Gibt es Computerprogramme, die ich wirklich liebe? Diese Frage stelle ich mir gerade, während ich mir die neueste Pressemitteilung von Quark durchlese. Das Unternehmen startete soeben eine Kampagne, die Usern dazu verhelfen soll, die eventuell eingerostete Liebe zu QuarkXPress neu aufflammen zu lassen.
Programme, die ich liebe – je länger ich darüber nachdenke, desto weniger Beispiele fallen mir ein. Das neue Winamp 5.5 gehört mit Sicherheit nicht dazu, nach den Bugs, die ich bereits nach zwei Tagen Benutzung feststellte. Dazu vielleicht später mehr. Auf dem Amiga gab es Programme, die ich wirklich liebte. Term, das ultimative Terminalprogramm etwa. Eine Gattung von Software, die man heutzutage gar nicht mehr benötigt. Oder MUI, ein Programm, mit dem man die komplette Oberfläche, die Workbench, des Amiga optisch und haptisch verändern konnte. Toolmanager gehört ebenso dazu. Oder CNet BBS – ein wundervolles Programm zum Betrieb einer eigenen Mailbox. Schon alleine die Erklärung, was eine Mailbox damals war, würde heute zu weit führen. Aber damals – damals hat man diese Programme geliebt.
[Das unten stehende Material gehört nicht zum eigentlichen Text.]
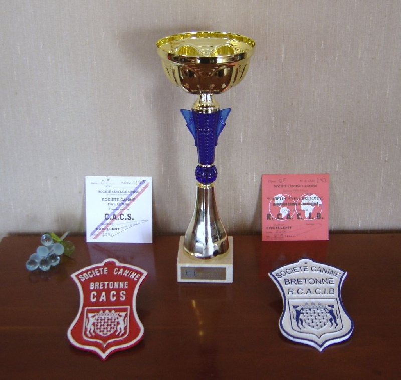 ensemble féminin - bien proportionné - tête expressive - oreilles bien attachées - excellente encolure - Bonne répartition couleurs - TB arr. mains - mouvements réguliers. 1er EXCELLENT + CACS + RCACIB

Und heute? Heute versucht eine Firma wie Quark einem Quasi-Standard neues Leben einzuhauen, indem es emotionalisiert wird. „Verlieben Sie sich in QuarkXPress“, steht auf der zur Kampagne gehörenden MicroSite. Liebe Quarkser – macht Euch bitte nichts vor. Wer Quark nutzt, tut das vor allem, weil er es muss. In der Zeitungsredaktion, in der Agentur, im Journalistenbüro. Weil es eben der Standard ist und Zulieferer oder Kunden ebenso damit arbeiten. Lieben wird Quark niemand. Ich kenne jedenfalls keinen Layouter, der das tut, auch wenn er Shortcuts verinnerlicht hat und im Schlaf runterbeten kann.
Aber was will man tun, wenn diejenigen Anwender, die es können, zu Adobe rennen? Weil dort die Möglichkeiten seit Jahren besser sind, InDesign keine so schwerfällige alte Dame wie QuarkXPress ist. Da bietet man halt einfach an, InDesign-Dateien auch laden zu können. Kompatibilität – welch Fortschritt! Ob der Ausflug mit InDesign nur ein „One-Night-Stand“ war, bezweifle ich allerdings. Ein charmanter Versuch, Boden gut zu machen. Funktioniert nur nicht.
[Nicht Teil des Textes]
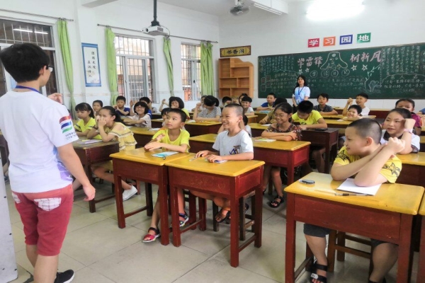 2018年7月19日商学院依米花社会实践队正式开课,小朋友和小老师们正式见面。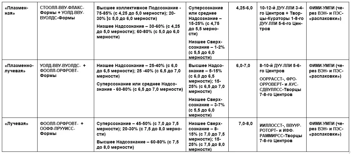 Приложение 1. Таблица Уровней Самосознания

Und dass sich QuarkXPress und Photoshop so gut verstehen, dass sie nahezu unzertrennlich sind, klingt auch erstmal schön. Was hier außer Acht gelassen wird, ist aber, dass ein Third-Party-Produkt wohl eher nicht so gut mit einem Produkt des Konkurrenten zusammenspielt. Adobe Photoshop und Indesign sind Bestandteile der Creative Suite. Was könnte besser passen?
Nicht falsch verstehen – ich möchte hier Adobe nicht in den Himmel heben. Auch da ist nicht alles Gold. Dass sie Macromedia gekauft haben, nehme ich ihnen heute noch übel. Aber die plötzliche Emotionalisierung eines Standards, den Quark selbst geradezu trotzig auf der eigenen Website ausruft („QuarkXPress® wird von mehr Menschen für kreatives Design und Seitenlayout eingesetzt, als jede andere Software dieser Welt. Punkt.“), geht mir etwas zu weit. Wer soll damit angesprochen werden? Die, die zu anderen Programmen wechselten, werden dies nicht ohne Grund getan haben. Und die, die Quark noch nie kannten, können keine alte Liebe wiederentdecken.
Punkt.
Nachtrag: Um QuarkXPress zu lieben, müsste man natürlich auch etwas von Layout verstehen. Die Pressesprecherin tut das augenscheinlich nicht. Sowas nennt man Hurenkind und es sieht sehr unschön aus…
„Eine Gattung von Software, die man heutzutage gar nicht mehr benötigt.“ – Terminalprogramme haben natürlich nicht mehr die Massenbedeutung der BBS-Zeit. Sie werden jedoch nach wie vor eingesetzt – Stichwort Administrierung (und da reicht schon ein grottiges Hyperterminal, wenn kein richtiges OS zur Hand ist).
Ja, ich weiss, dass man Terminalprogramme noch benötigt. Ich meinte damit, dass der eigentliche Einsatzzweck nichtig ist. Die Zeit der BBS ist vorbei. Und ins Netz geht man heute halt anders.